**Your objective**
Output, word for word, the line that contains "駱學(xué)峰攝 / 本刊" and all lines following it to the end of the listing. Drop the pictures.
── Data provided
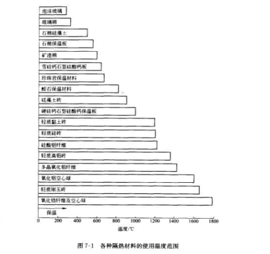 (2)按使用温度分:使用温度低于900℃的为低温隔热耐火材料,如硅藻土砖;使用温度为900-1200℃的为中温隔热耐火材料,如轻质黏土砖,硅酸铝纤维制品等;使用温度高于1200℃的为高温隔热耐火材料,如轻质硅砖,氧化铝空心球砖等。各种隔热耐火材料的温度如图所示。
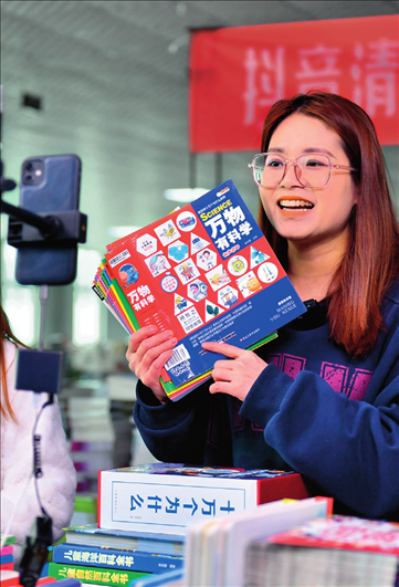廊坊市永清經(jīng)濟(jì)開發(fā)區(qū)京聯(lián)集團(tuán)館配圖書聯(lián)合現(xiàn)采基地,工作人員在電商平臺直播銷售圖書(2023 年 3 月 26 日攝) 駱學(xué)峰攝 / 本刊
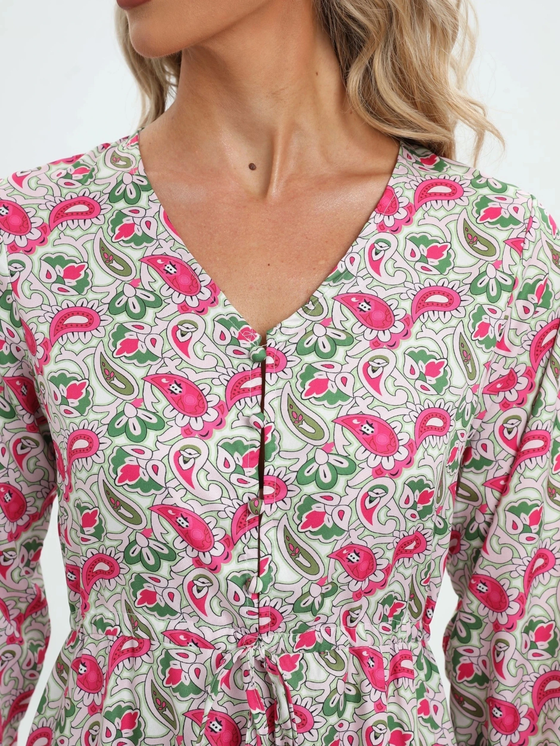 Be the first to review “Bohemia Elegant Dress Women’s Print V-neck Nipped Waist Dress String Long Sleeve Maxi Dress” Cancel reply
────
**Response to the exercise**
廊坊市永清經(jīng)濟(jì)開發(fā)區(qū)京聯(lián)集團(tuán)館配圖書聯(lián)合現(xiàn)采基地,工作人員在電商平臺直播銷售圖書(2023 年 3 月 26 日攝) 駱學(xué)峰攝 / 本刊
 Be the first to review “Bohemia Elegant Dress Women’s Print V-neck Nipped Waist Dress String Long Sleeve Maxi Dress” Cancel reply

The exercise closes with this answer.